Шевалье д'Арманталь(изд.1962), стр. 104

— Ну, как ты себя чувствуешь? — спросил добряк.

— Лучше, папочка… лучше, — сказала Батильда. — Я чувствую, что ко мне возвращаются силы и через несколько дней я смогу вставать. Но почему же, папочка, вы не идете на службу? (Бюва издал стон.) Хорошо, что вы не покидали меня, когда я была больна. Но теперь, когда мне лучше, вам надо опять ходить в библиотеку. Слышите, папочка?

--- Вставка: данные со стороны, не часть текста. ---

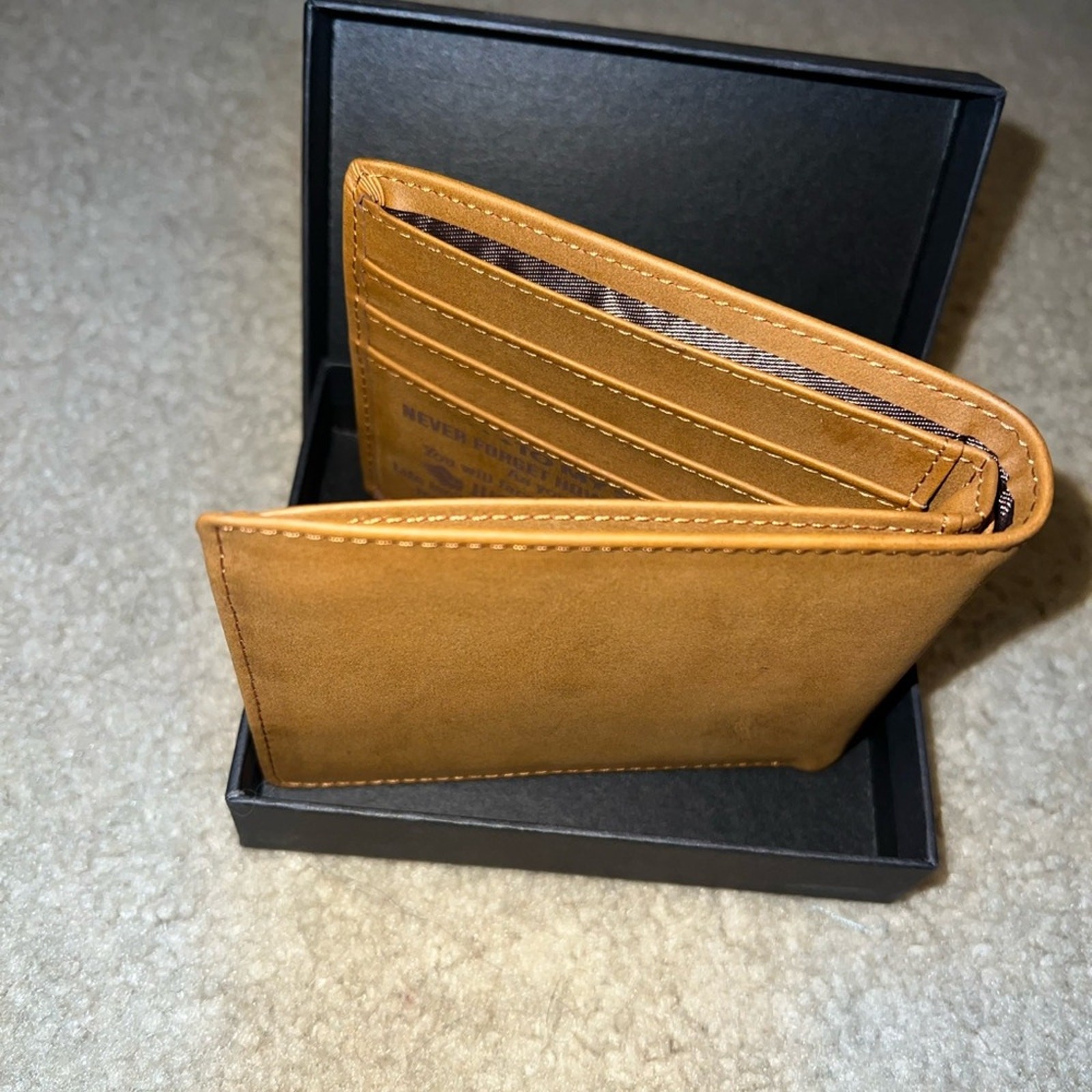 Elegant tan leather wallet with a heartfelt message. Perfect for daily use and a thoughtful gift. Comes with box.

— Да, мое дитя… — сказал Бюва, глотая слезы. — Да, я пойду туда.

— Ну вот, вы плачете. Вы же видите, что мне лучше. Неужели вы хотите меня огорчить?

— Я плачу, — сказал Бюва, вытирая глаза платком, — я плачу, но это от радости. Да, я пойду на службу, мое дитя, я пойду.

И Бюва, поцеловав Батильду, поднялся к себе, потому что не хотел сказать ей, что потерял место. И бедная девушка снова осталась одна.

Она с облегчением вздохнула; теперь она была спокойна. Бонифас, в качестве клерка стряпчего служивший в Шатле, узнавал из первых рук обо всем, что происходит, а Батильда была уверена, что он от нее ничего не утаит. В самом деле, назавтра она узнала, что Рауля допрашивали и что он принял всю вину на себя. На следующий день ей стало известно, что ему устроили очные ставки с Валефом, Лавалем и Помпадуром, но что это ни к чему не привело. Словом, верный своему обещанию, Бонифас ежедневно приносил ей последние известия. И каждый вечер Батильда, слушая его рассказ, каким бы тревожным он ни был, чувствовала прилив сил. Так прошло две недели. На пятнадцатый день Батильда начала вставать и ходить по комнате, к великой радости Бюва, Нанетты и всей семьи Дени.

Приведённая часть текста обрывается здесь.